DATASET SECTION ::
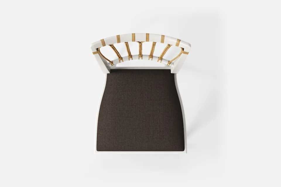 Stol 1165 har en genombruten rygg bestående av lindad rotting. För att skapa en spänning i formen valde Josef Frank ofta att blanda olika träslag och material. Stol 1165 formgavs av Josef Frank 1947.
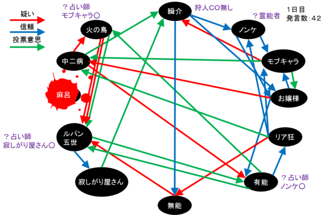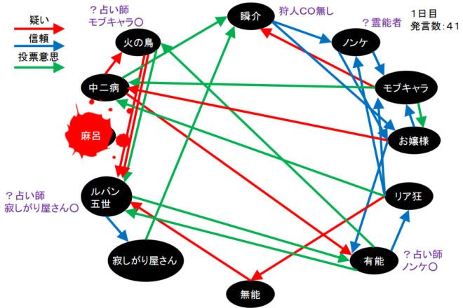 俺は真面目に前回のゲームにおける1日目の投票を観察している。赤い四角が火の鳥の投票。青い四角が火の鳥へ投票した者です。
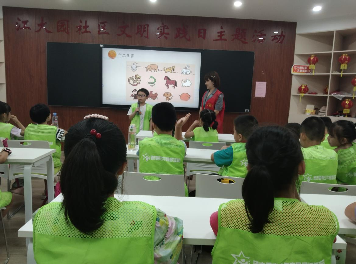 7月25日,“品味国学经典 传承中华文化”主题活动则带领孩子们体验了国学的魅力。在《十二生肖》讲解中,志愿老师通过故事讲述十二生肖的起源与十二地支的关系,引用生活中的小故事启发大家对古今的思考,以及对中华民族传统文化源远流长的感悟,营造良好的社区文化氛围。
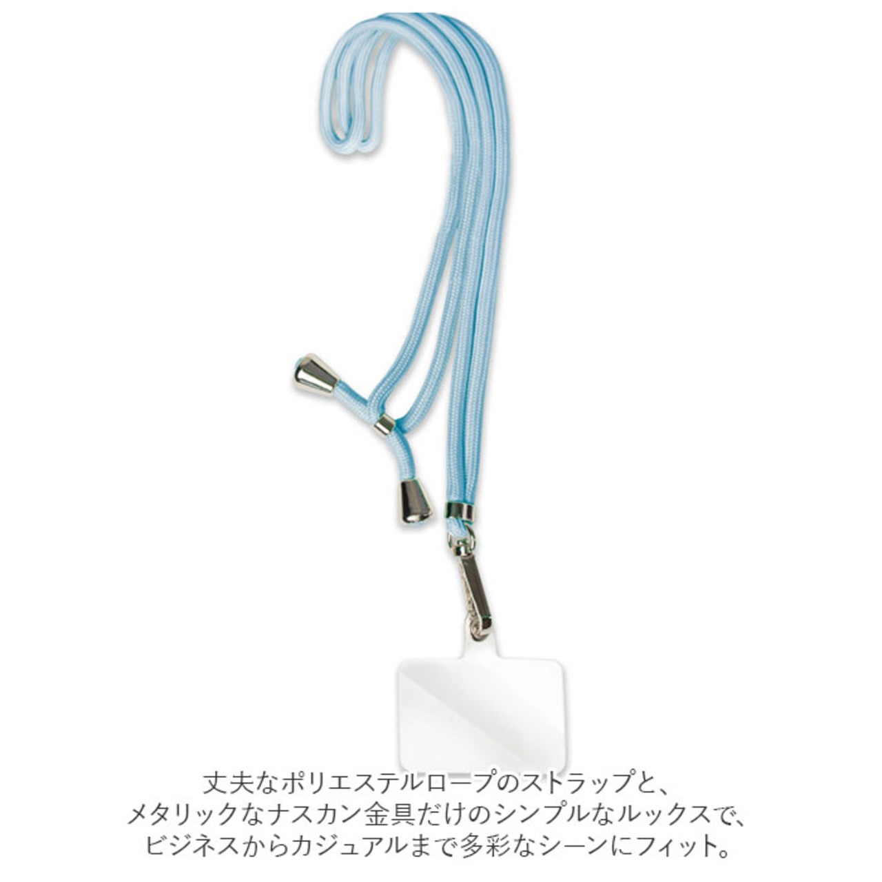 ・丈夫なポリエステルロープのストラップと、メタリックなナスカン金具だけのシンプルなルックスで、ビジネスからカジュアルまで多彩なシーンにフィット。

EXERCISE DESCRIPTION :: Please copy out each line above exactly as written, but not the pictures.

TASK ANSWER ::
 Stol 1165 har en genombruten rygg bestående av lindad rotting. För att skapa en spänning i formen valde Josef Frank ofta att blanda olika träslag och material. Stol 1165 formgavs av Josef Frank 1947.
 俺は真面目に前回のゲームにおける1日目の投票を観察している。赤い四角が火の鳥の投票。青い四角が火の鳥へ投票した者です。
 7月25日,“品味国学经典 传承中华文化”主题活动则带领孩子们体验了国学的魅力。在《十二生肖》讲解中,志愿老师通过故事讲述十二生肖的起源与十二地支的关系,引用生活中的小故事启发大家对古今的思考,以及对中华民族传统文化源远流长的感悟,营造良好的社区文化氛围。
 ・丈夫なポリエステルロープのストラップと、メタリックなナスカン金具だけのシンプルなルックスで、ビジネスからカジュアルまで多彩なシーンにフィット。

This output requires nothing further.